**Exercise details**
Write out the lines of the material below exactly, beginning at the line with "만드는 것이 핵심입니다." and stopping after the line with "ORARI APERTURA ECOISOLA ACEA", and leave out the pictures.

**Supplied records**

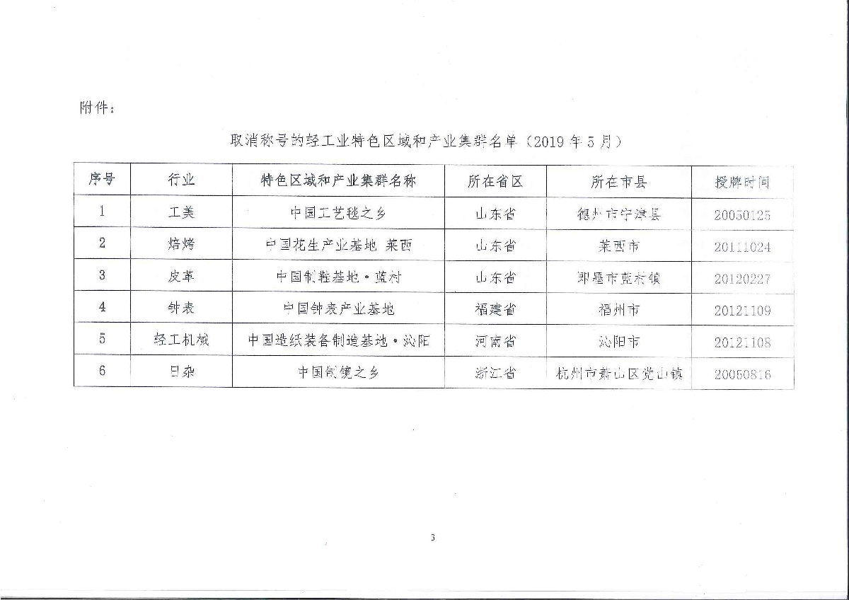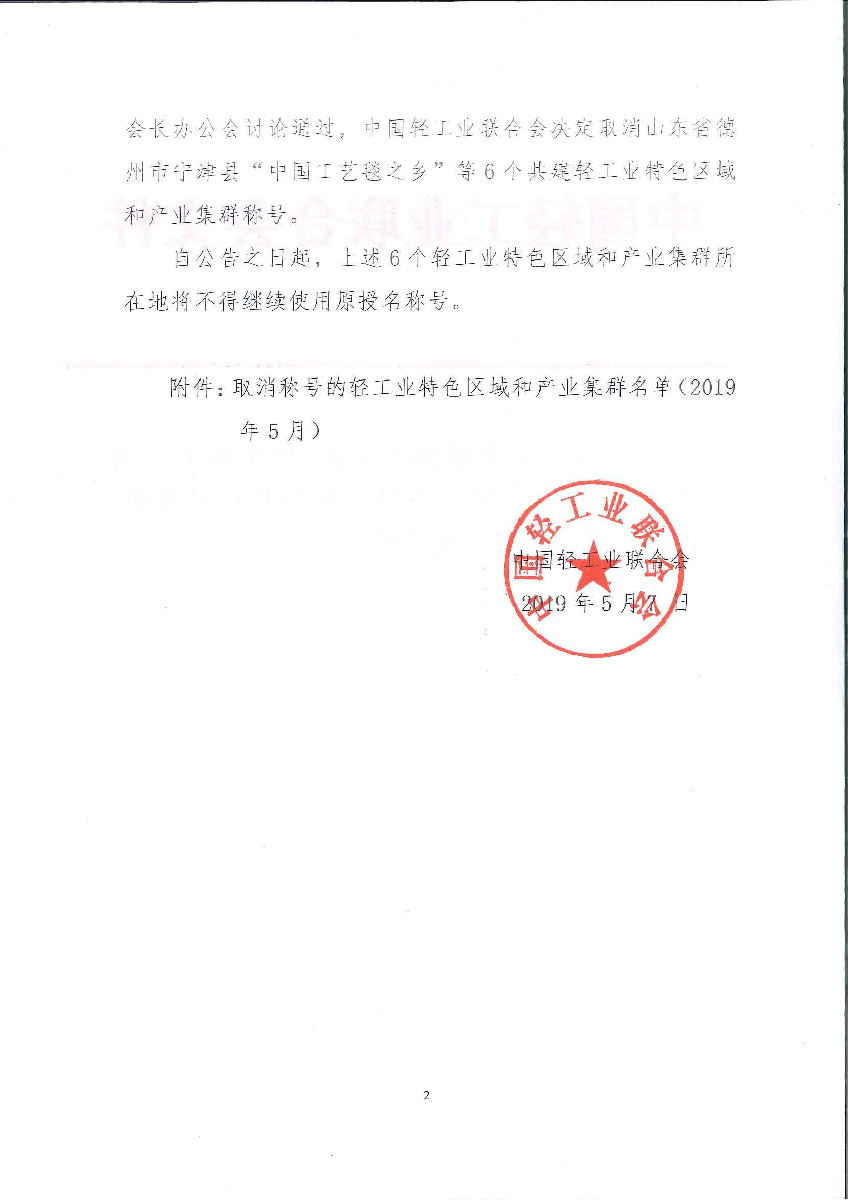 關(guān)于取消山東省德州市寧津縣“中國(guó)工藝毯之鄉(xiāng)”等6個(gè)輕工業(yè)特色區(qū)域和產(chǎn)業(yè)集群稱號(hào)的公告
--
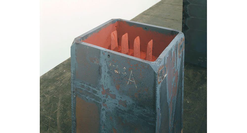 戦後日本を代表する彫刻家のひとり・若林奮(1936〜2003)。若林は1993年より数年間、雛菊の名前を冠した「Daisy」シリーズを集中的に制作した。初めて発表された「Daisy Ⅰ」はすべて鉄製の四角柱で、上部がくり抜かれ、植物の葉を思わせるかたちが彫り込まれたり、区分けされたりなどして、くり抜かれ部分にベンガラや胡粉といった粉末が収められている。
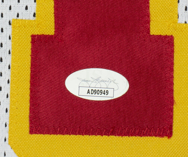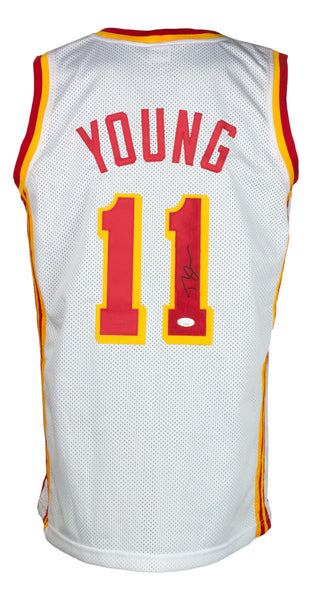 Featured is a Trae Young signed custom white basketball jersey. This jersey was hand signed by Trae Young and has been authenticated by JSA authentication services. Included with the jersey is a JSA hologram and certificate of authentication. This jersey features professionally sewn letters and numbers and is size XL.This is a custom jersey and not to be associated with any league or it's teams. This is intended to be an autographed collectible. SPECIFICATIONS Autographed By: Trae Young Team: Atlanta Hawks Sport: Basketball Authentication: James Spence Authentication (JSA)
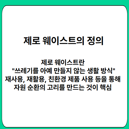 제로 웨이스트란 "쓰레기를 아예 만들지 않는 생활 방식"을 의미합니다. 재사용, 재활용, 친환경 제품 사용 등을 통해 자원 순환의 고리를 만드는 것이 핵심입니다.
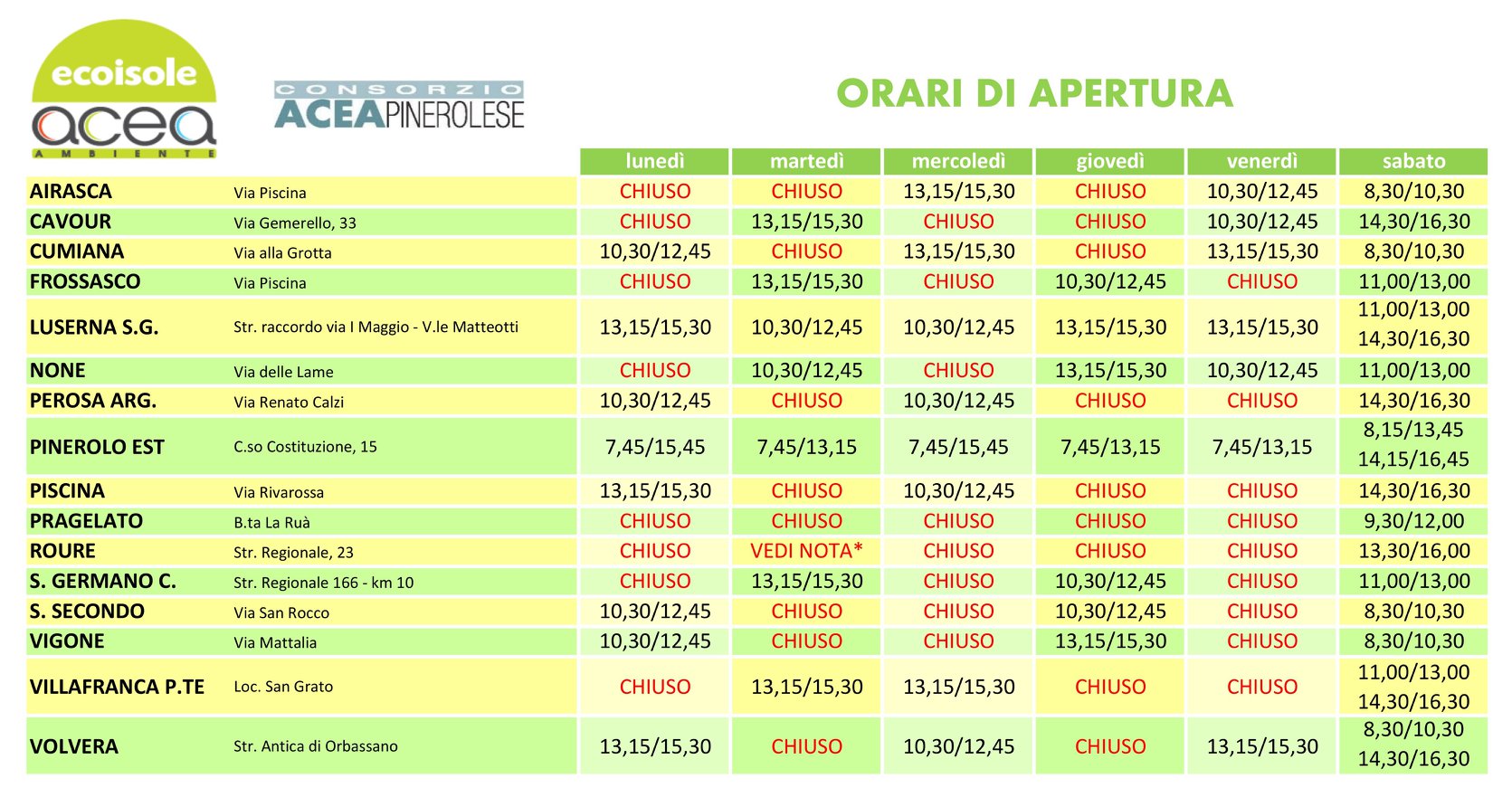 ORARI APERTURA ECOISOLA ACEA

**Exercise result**
 제로 웨이스트란 "쓰레기를 아예 만들지 않는 생활 방식"을 의미합니다. 재사용, 재활용, 친환경 제품 사용 등을 통해 자원 순환의 고리를 만드는 것이 핵심입니다.
 ORARI APERTURA ECOISOLA ACEA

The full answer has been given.